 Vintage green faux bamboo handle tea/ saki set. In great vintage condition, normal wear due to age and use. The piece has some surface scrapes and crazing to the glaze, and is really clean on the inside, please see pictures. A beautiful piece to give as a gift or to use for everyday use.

========================================================================

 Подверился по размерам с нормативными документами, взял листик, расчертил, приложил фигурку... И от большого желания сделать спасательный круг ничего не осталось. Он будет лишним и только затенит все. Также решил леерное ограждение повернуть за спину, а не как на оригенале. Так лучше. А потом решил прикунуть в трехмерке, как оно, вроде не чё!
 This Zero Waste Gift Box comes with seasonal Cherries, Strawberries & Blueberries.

========================================================================

§ **Work instruction**:
In the entries above, one line contains "Подверился по размерам" and another contains "This Zero Waste". Reproduce exactly those two lines and the lines between them, nothing else.

§ **Answer section**:
 Подверился по размерам с нормативными документами, взял листик, расчертил, приложил фигурку... И от большого желания сделать спасательный круг ничего не осталось. Он будет лишним и только затенит все. Также решил леерное ограждение повернуть за спину, а не как на оригенале. Так лучше. А потом решил прикунуть в трехмерке, как оно, вроде не чё!
 This Zero Waste Gift Box comes with seasonal Cherries, Strawberries & Blueberries.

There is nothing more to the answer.